Available records:
============================================================

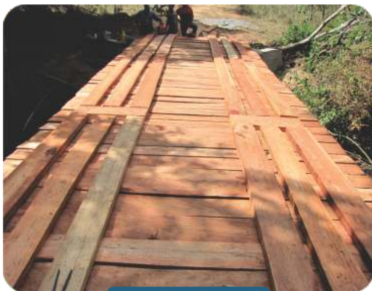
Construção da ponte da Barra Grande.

============================================================

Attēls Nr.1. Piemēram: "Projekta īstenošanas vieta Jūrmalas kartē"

============================================================

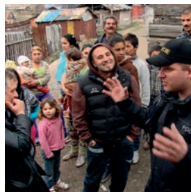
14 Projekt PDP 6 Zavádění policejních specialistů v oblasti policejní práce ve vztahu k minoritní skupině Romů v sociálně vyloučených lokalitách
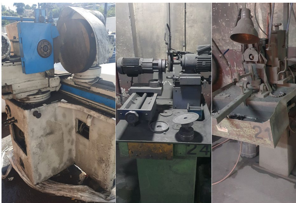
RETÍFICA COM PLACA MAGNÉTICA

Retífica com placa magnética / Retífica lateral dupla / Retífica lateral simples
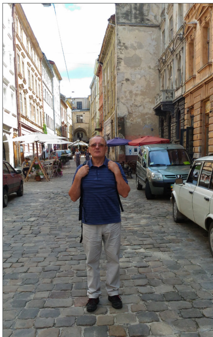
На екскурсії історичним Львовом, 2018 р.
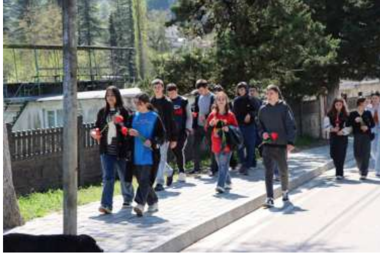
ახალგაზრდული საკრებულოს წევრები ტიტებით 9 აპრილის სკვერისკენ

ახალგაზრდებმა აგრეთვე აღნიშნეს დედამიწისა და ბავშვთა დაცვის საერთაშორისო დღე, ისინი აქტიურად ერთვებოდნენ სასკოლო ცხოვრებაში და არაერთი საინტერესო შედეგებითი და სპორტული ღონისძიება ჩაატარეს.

============================================================

Looking at the data above, write out exactly the lines that start at the one containing "ახალგაზრდული საკრებულოს წევრები" and end at the one containing "ახალგაზრდებმა აგრეთვე აღნიშნეს"; include both and nothing beyond.

ახალგაზრდული საკრებულოს წევრები ტიტებით 9 აპრილის სკვერისკენ

ახალგაზრდებმა აგრეთვე აღნიშნეს დედამიწისა და ბავშვთა დაცვის საერთაშორისო დღე, ისინი აქტიურად ერთვებოდნენ სასკოლო ცხოვრებაში და არაერთი საინტერესო შედეგებითი და სპორტული ღონისძიება ჩაატარეს.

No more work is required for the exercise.